# Cultured Marble Removal



## jv4511 (Apr 7, 2008)

I've got a customer that needs to re-level his cultured marble tub and replace the particle board sub-floor with plywood and hardy backer before installing a new tile floor. He doesn't want to destroy the tub and surround and is asking me to remove it in tact and reinstall after I've made the structural repairs to the floor. Does anyone have a good way to remove the cultured marble without having to bust it into unusable pieces?


----------



## Jason Whipple (Dec 22, 2007)

Pictures would be helpful.


----------



## Mike Finley (Apr 28, 2004)

I can't picture any cultured marble tub / shower that we have ever demoed (and we've demoed lots of them) that could have been saved.
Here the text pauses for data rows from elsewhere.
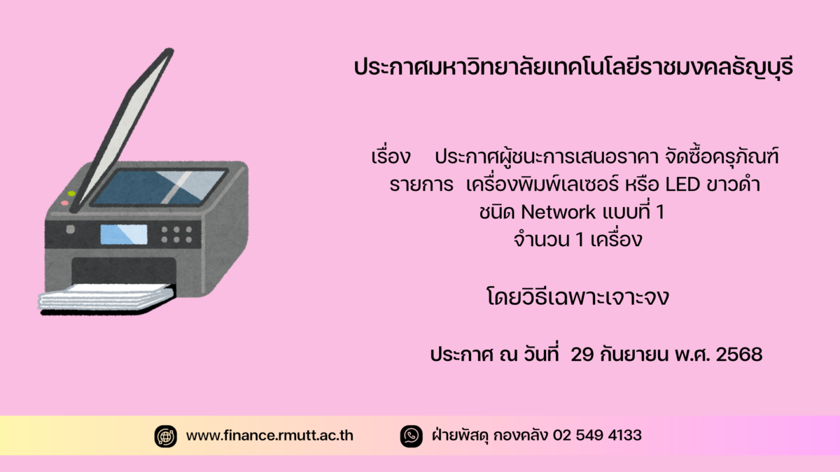 ตามที่ มหาวิทยาลัยเทคโนโลยีราชมงคลธัญบุรี ได้มีโครงการ ซื้อเครื่องพิมพ์เลเซอร์ หรือ LED ขาวดำ ชนิด Network แบบที่ 1 จำนวน 1 เครื่อง โดยวิธีเฉพาะเจาะจง นั้น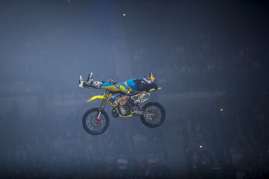 TP- Realmente esto cambia en cada Show, si bien en principio hay un guión y en este hay un truco más importante que los otros, lo cierto es que según se va desarrollando el Show, la gente quiere probar cosas nuevas y, de repente, lo que iba a ser el mejor truco, pasa a ser el cuarto o quinto mejor truco… No hay realmente mejor truco, puede ser cualquiera, depende mucho de la locura del piloto esa noche… El Nitro Circus progresa, tiene vida propia y no lo sometemos a restricciones, por lo que no hay dos espectáculos iguales.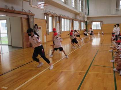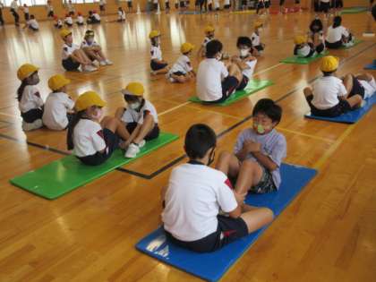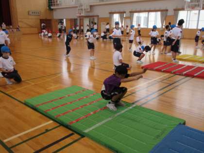 体力テストの各種目の練習2回目です。赤白青の各団でローテーションをして前回とは違う種目に取り組んでいます。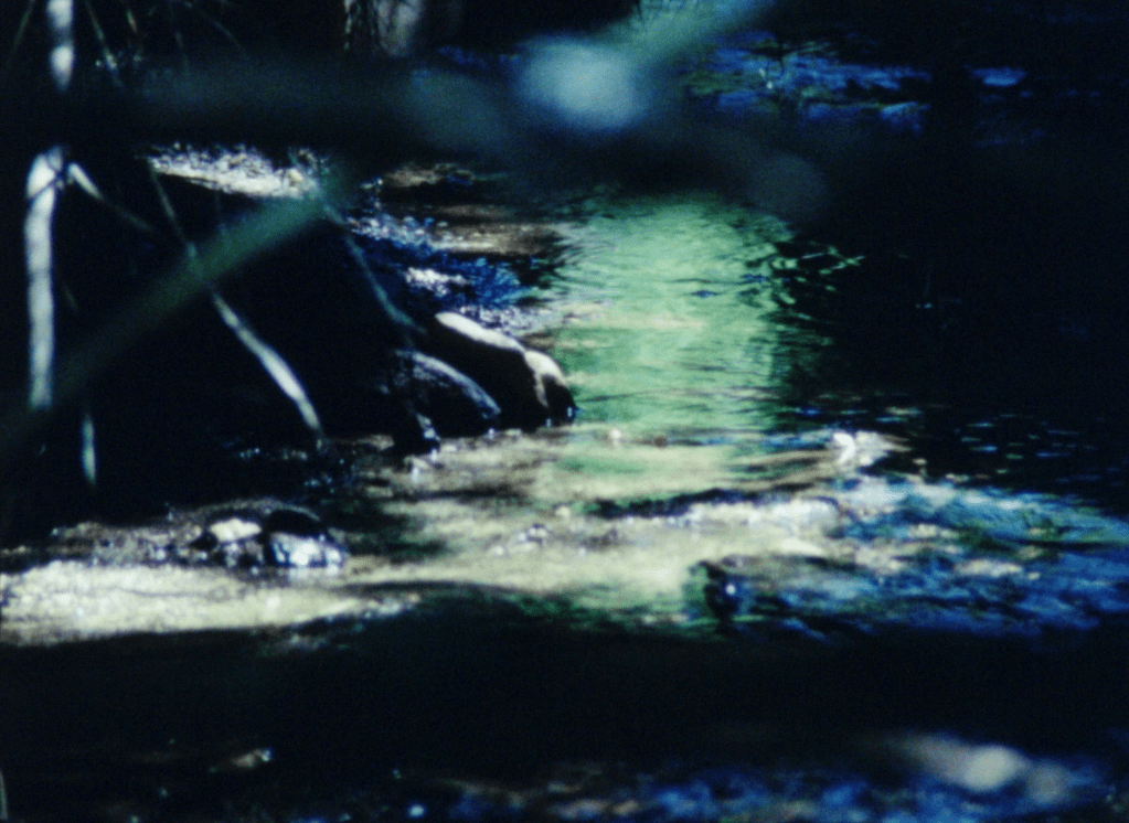 Diferentemente dos outros filmes da diretora, muitas vezes a lente objetiva compõe planos com fortes tons de preto que se dissipam em meio a escuridão da sala na projeção 16mm, deixando visíveis somente as zonas luminosas da imagem. Garantindo uma boa parcela de espaço negro nas composições, a diretora sucede os planos preenchendo com elementos iluminados o espaço que anteriormente era escuro, produzindo um estímulo visual na ligação das partes. Acompanhado do silêncio da banda sonora, o rio é cuidadosamente repartido e reconstruído na montagem, amplificando em cada plano a complexidade dos microssistemas naturais em composições de níveis figurativos que muitas vezes vão além do que o olhar humano pode alcançar sozinho; apresentando assim, novas possibilidades para o estudo do meio ambiente pelo aparato cinematográfico. As diferentes intensidades naturais do fluxo de água revelam lampejos de luz nas regiões mais claras do plano e diferentes tonalidades de cor refletidas nas águas nas regiões mais escuras.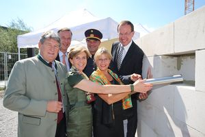 Der Grundstein für den Neubau der Justizanstalt Salzburg wurde am Mittwoch, 4. September 2013, in Puch-Urstein gelegt. "In einem Rechtsstaat sind Justizvollzugsanstalten eine notwendige Einrichtung. Die Standortentscheidung ist für die Politik immer im Spannungsverhältnis zwischen den angemessenen und berechtigten Bedürfnissen der Inhaftierten, guten Arbeitsplatzverhältnissen für die Justizbediensteten und dem Sicherheitsbedürfnis der Bevölkerung zu treffen", betonte Landtagspräsidentin Dr. Brigitta Pallauf bei der heutigen Grundsteinlegung im Beisein von Justizministerin Dr. Beatrix Karl, Oberst Dietmar Knebel, Leiter der Justizanstalt Salzburg, und Puchs Bürgermeister Helmut Klose.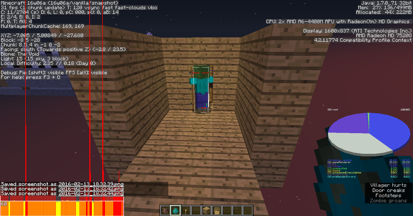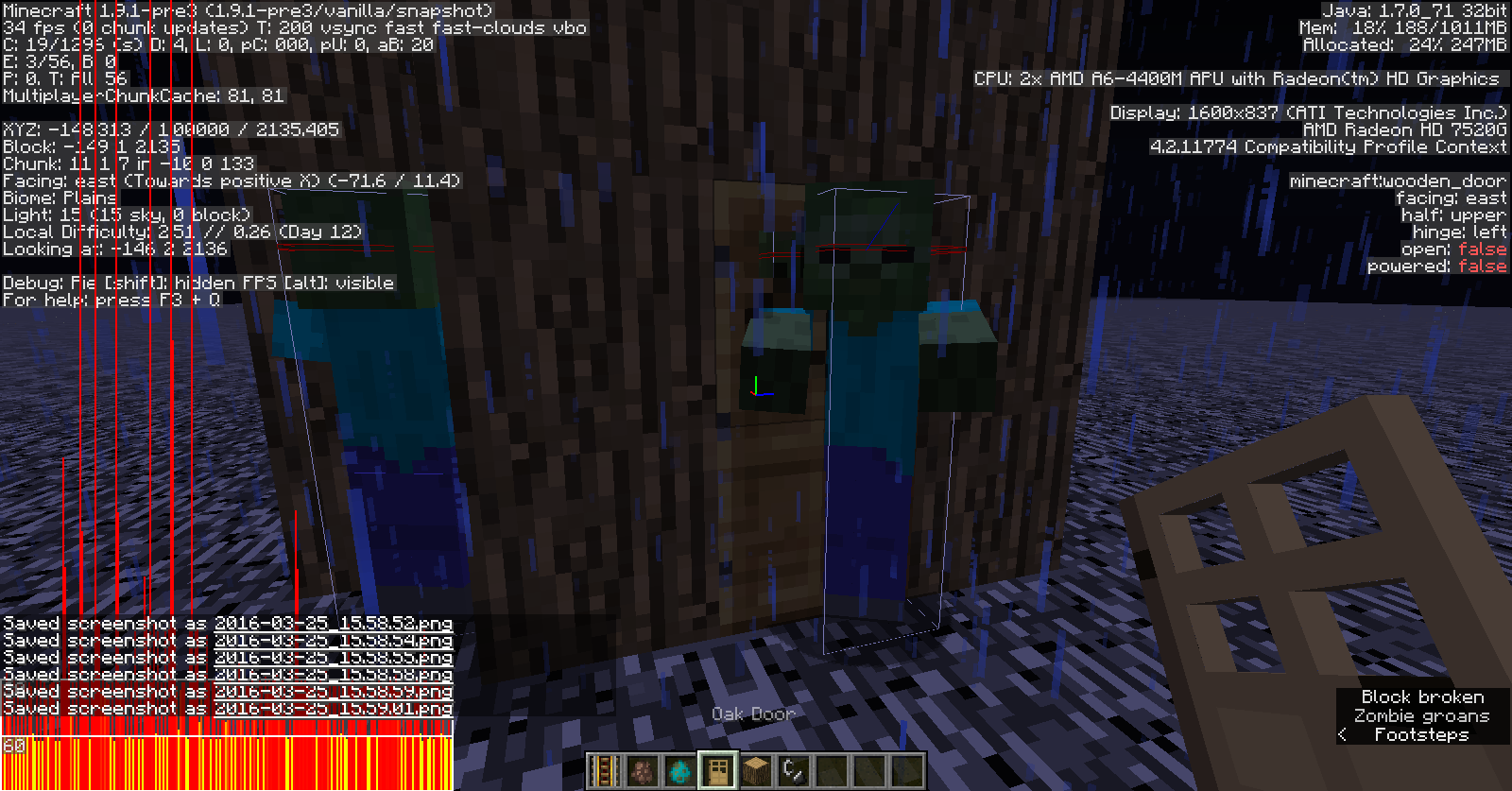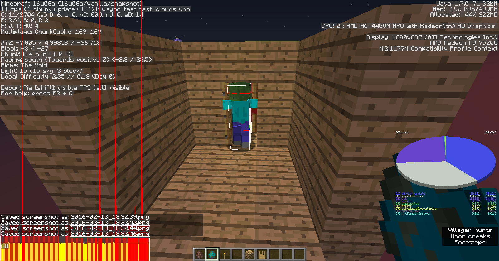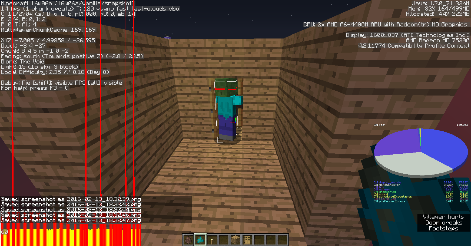6. If it is escaping the Zombie, as shown in the screenshots, the Zombie will attack the Villager, even through closed doors, and the Villager dies, which the Zombie attacking through the door itself is another bug. See MC-2310 for more.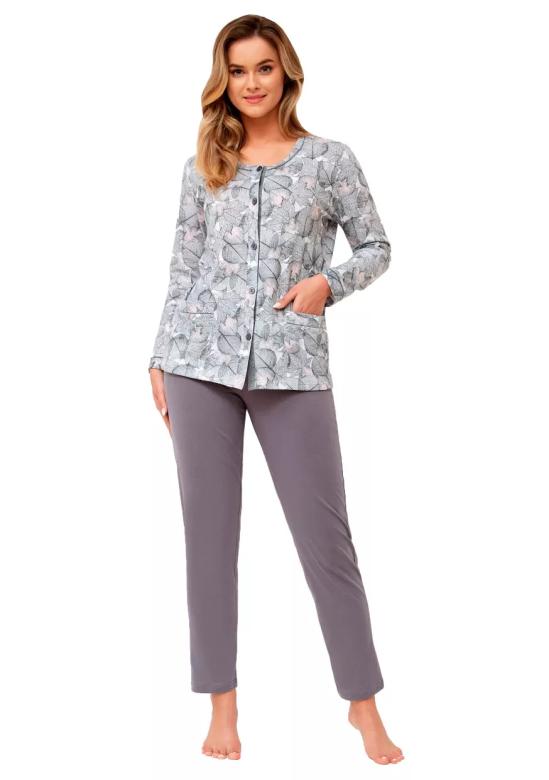 dámské pyžamo Genesis 1260 LEVEZA představuje ideální kombinaci pohodlí a stylu pro všechny, kdo hledají kvalitní noční oděv. Horní část je vytvořená jako propínací kabátek se vzorem listů, který zaujme svou něžnou a přirozenou grafikou. Kabátek je doplněný o dvě praktické kapsy na bocích, což zvyšuje jeho funkčnost. kalhoty jsou jednobarevné, bez kapes a mají volnou gumu v pase, která zaručuje příjemné nošení bez jakéhokoliv stahování nebo nepohodlí. Celý set je ušitý z měkké a kvalitní bavlny, která po…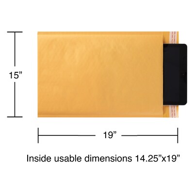 Stock warehouse supply shelves with this 50-count carton of bubble mailers to handle everyday mail processing. Kraft paper exteriors meet a range of shipping needs, and the self-adhesive closures make setup simple. Air-cushioned linings provide added protection against potential damage. These professional 14.25 x 19-inch kraft bubble mailers boast generous dimensions to accommodate products, parts and other items.

Those things are made up of many panels glued directly to plywood and usually come off in pieces, you rarely even get a panel or two to come out in one piece. The tubs themselves we remove made from that stuff probably weigh close to 800 lbs too. The bottoms are usually about 2 inches thick.


----------



## kevjob (Aug 14, 2006)

make him sign off stating the CM will be damaged even a small chip will ruin the project. can't be done IMHO.


----------



## Cole (Aug 27, 2004)

x3!

Good luck if you move forward with this project!


----------



## skylands (Dec 10, 2005)

Make that #4


----------



## Jason Whipple (Dec 22, 2007)

I've never worked with "cultured" marble before, only the real deal. Is it that tender? I've done a few project were we took marble cladding off the exterior of banks and such. It came of pretty good.

What is Cultured Marble?


----------



## Mike Finley (Apr 28, 2004)

Marble dust mixed with a plastic resin.


----------



## skylands (Dec 10, 2005)

That's really really nice EXCEPT........

the picture's crookedarty:


----------



## Jason Whipple (Dec 22, 2007)

Oh! Now I understand. #5 here!

I remember scribing those back splashes in on a multi unit apartment complex:sad: Yuck! I think I still get white dust from that job that comes out of my belt sander every now and then, and that job was three years ago!:jester:


----------